*Extracted data*
"""
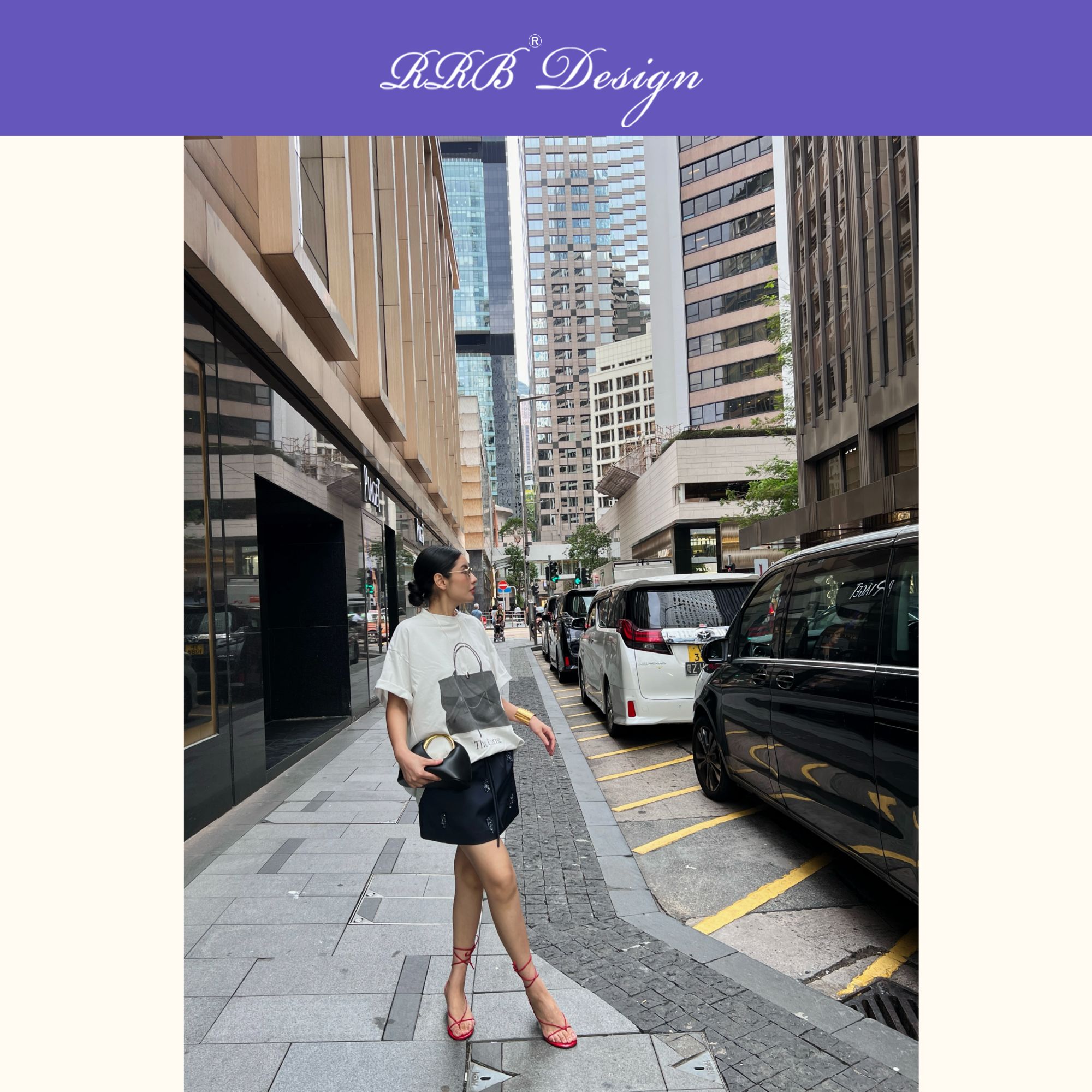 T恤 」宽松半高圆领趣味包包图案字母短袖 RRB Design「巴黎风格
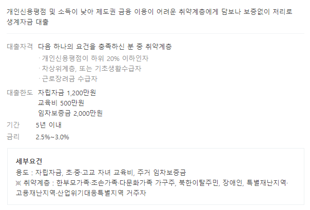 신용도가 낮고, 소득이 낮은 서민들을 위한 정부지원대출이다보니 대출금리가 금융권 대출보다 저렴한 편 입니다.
"""
"""
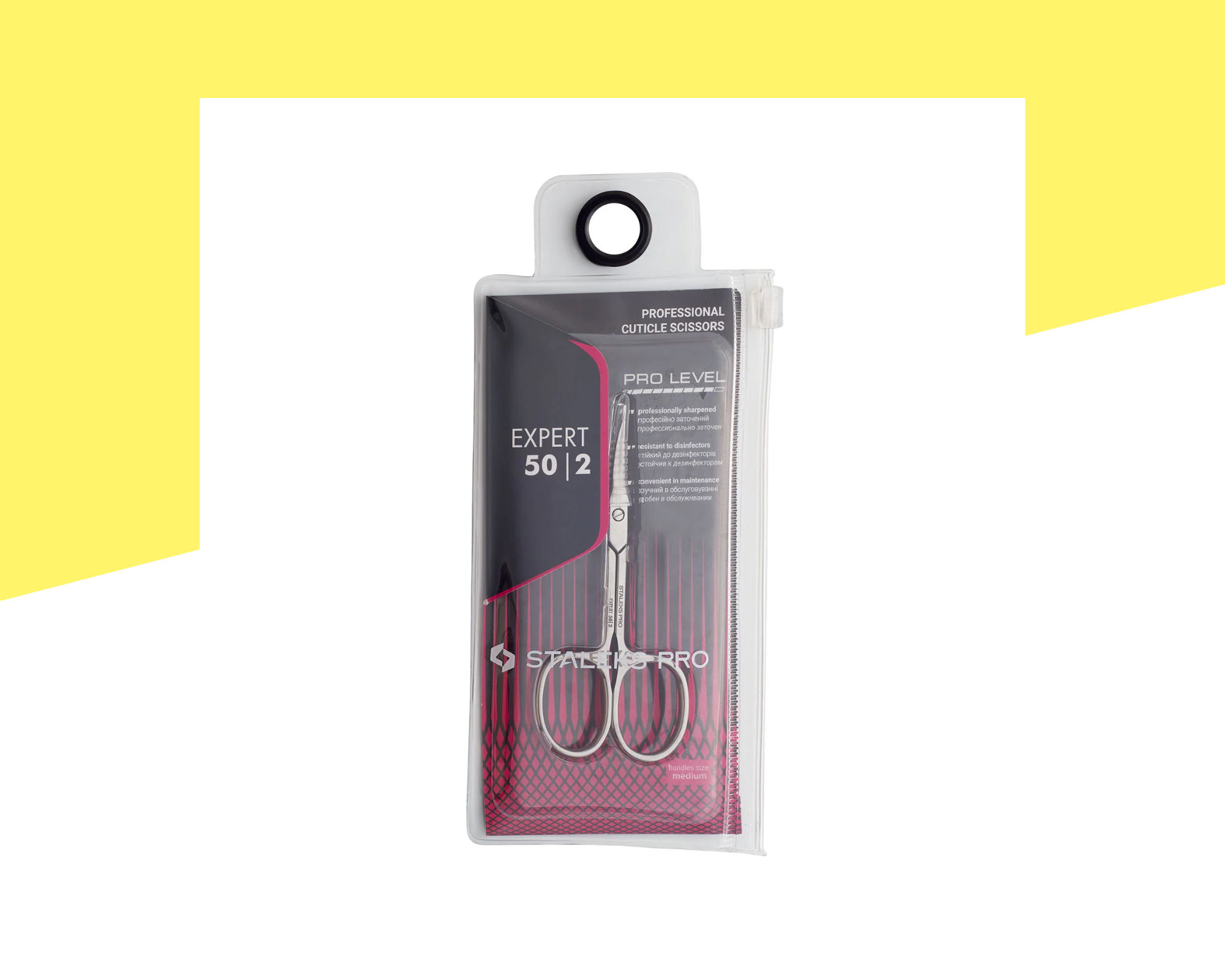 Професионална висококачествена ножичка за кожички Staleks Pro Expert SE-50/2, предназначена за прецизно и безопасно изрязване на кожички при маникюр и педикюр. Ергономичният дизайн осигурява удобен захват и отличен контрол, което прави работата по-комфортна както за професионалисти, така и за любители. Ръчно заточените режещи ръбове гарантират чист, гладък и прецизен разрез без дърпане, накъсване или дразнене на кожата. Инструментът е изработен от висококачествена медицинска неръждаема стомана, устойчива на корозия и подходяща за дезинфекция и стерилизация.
"""
"""
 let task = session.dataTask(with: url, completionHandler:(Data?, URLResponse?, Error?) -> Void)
"""
*About this task*
What you return must match the lines above from the one with "T恤 」宽松半高圆领趣味包包图案字母短袖 RRB Design「巴黎风格" through the one with "신용도가 낮고, 소득이" exactly, with both ends included and the pictures excluded.

*Exercise answer*
 T恤 」宽松半高圆领趣味包包图案字母短袖 RRB Design「巴黎风格
 신용도가 낮고, 소득이 낮은 서민들을 위한 정부지원대출이다보니 대출금리가 금융권 대출보다 저렴한 편 입니다.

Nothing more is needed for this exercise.